KFD is a rare cause of lymphadenopathy. It presents with painful lymphadenopathy and is characterized by liver dysfunction, leukopenia, and atypical lymphocytes, accompanied by fever. KFD is known to resolve spontaneously and has a favorable course, but it is often difficult to diagnose because of the need to differentiate between collagenous, malignant, and infectious diseases. KFD after vaccination is very rare, and there have been reports of KFD caused by human papillomavirus vaccine and Japanese encephalitis vaccine.9
Three case reports were recently published on KFD after COVID-19 vaccination.4–6According to these reports, KFD after COVID-19 vaccination, unlike VRHL, presented with systemic symptoms, such as fever, and did not occur immediately after the last vaccination, but after 10, 17, 21, and 35 days in these cases.

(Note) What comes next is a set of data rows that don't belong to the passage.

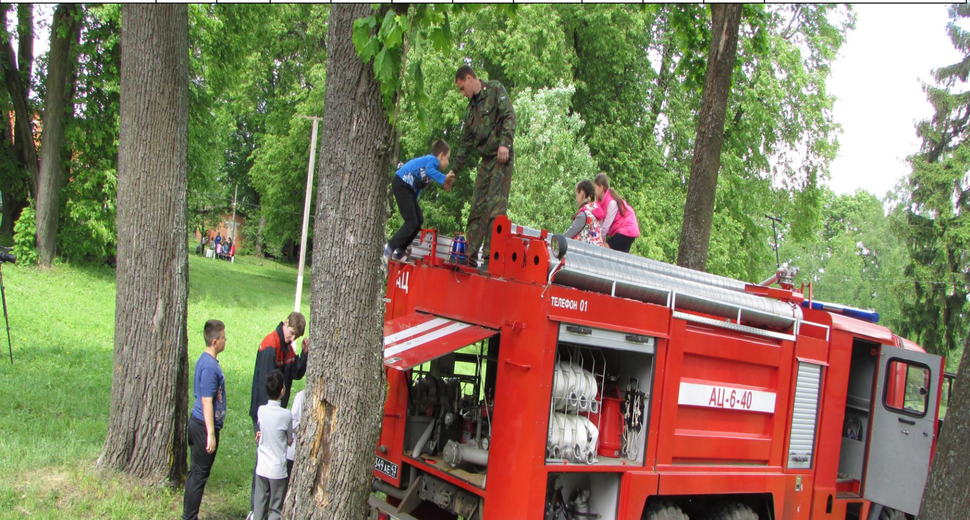
Демонстрация работы пожарной машины ГУ "Оборонлес" Минобороны России на Лесном Фестивале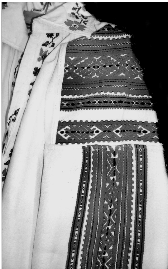
Сорочка. Волинське Полісся., поч. XX ст. Льон, бавовна; полотняне, перебірне ткання, вишивка. МІГ КН-8942.

кої та Гомельської обл.) 85 , а також Росії 86 .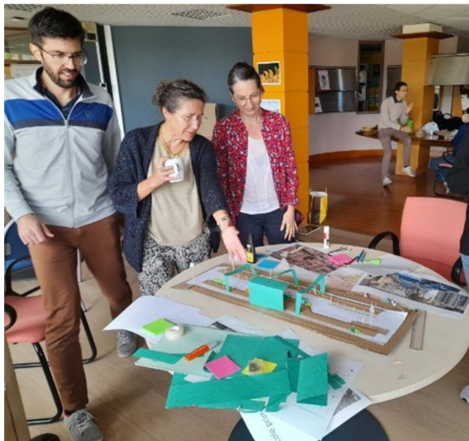
Figure : atelier interne de créativité en vue de l'élaboration d'un scénario de pacification des abords d'une école de Marseille

Pour tester cette aide méthodologique au projet (volet 1), le Cerema et la ville de Marseille mobilisent différents acteurs de la fabrique de la ville dans le cadre d'ateliers collaboratifs, afin d'élaborer pour quelques cas réels d'écoles des scénarios-types d'aménagement (formalisation de pré-programmes illustrés) qui articulent les différents leviers de pacification (avec schémas de principe d'aménagement). Ces écoles ont été sélectionnées en raison des contrastes marqués entre les configurations territoriales dans lesquelles elles s'inscrivent (tissu ancien dense de centre-ville, tissu de quartier prioritaire de la politique de rénovation urbaine, tissu de faubourg...).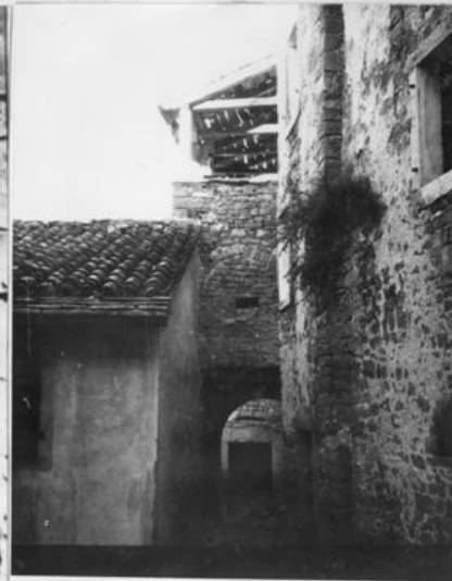
Natkriveni prolaz u zapađnom dijelu naselja

Popis spomenika kulture za mjesto Oprtalj, Konzervatorski zavod Rijeka, 1963., dio popratnih ilustracija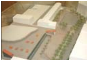
Maqueta del proyecto de remodelación de la plaza Pere Quart

Esta será la primera actuación del ambicioso proyecto de remodelación de la plaza Pere Quart y su entorno, que ya ha sido redactado y que se presentó a los paradistas del Mercado Municipal el pasado 20 de marzo, junto con un estudio de viabilidad que refuerza la necesidad del citado proyecto.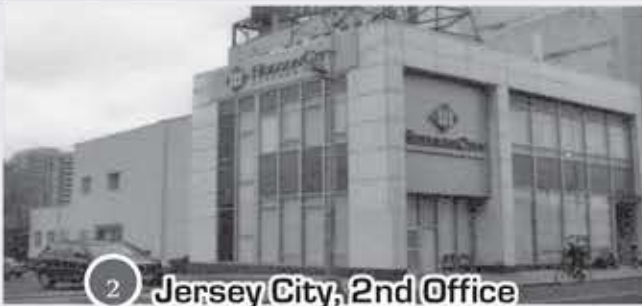
2 Jersey City, 2nd Office 587 Summit Ave., Hudson City Savings Bldg, JC NJ 07306 Tel.: 201-420-0001 / Corner of Summit & Cottage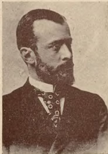
Prof. dr. Leon Piniński.

Our case is characterized by delayed onset, 90 days after the first vaccine and 68 days after the second vaccine. Interestingly, each of the two vaccinations resulted in a short period of lymphadenopathy immediately after each vaccination, which resolved spontaneously. KFD then began after an interval of about 60 days. KFD after COVID-19 has also been reported.10–14 Several of the patients in these reports developed KFD two to three months after COVID-19 infection, supporting the association of our case of KFD with the COVID-19 vaccine.11,12
The possibility that the present case is not related to the vaccine cannot be ruled out. However, cervical lymph nodes are usually swollen in KFD, with a frequency of 56%-98%.15 On the other hand, KFD confined to the axillary lymph nodes has been reported only rarely.16 Considering this case together with other COVID-19 vaccine-related lymphadenitis in recent years, it is reasonable to speculate that this case is another side effect of the COVID-19 vaccine. Symptomatic treatment with antipyretic analgesics is usually sufficient for KFD, but steroids may be used in severe or recurrent cases. In our case, as in previous reports, treatment with acetaminophen and non-steroidal anti-inflammatory drugs was effective and no further treatment was necessary.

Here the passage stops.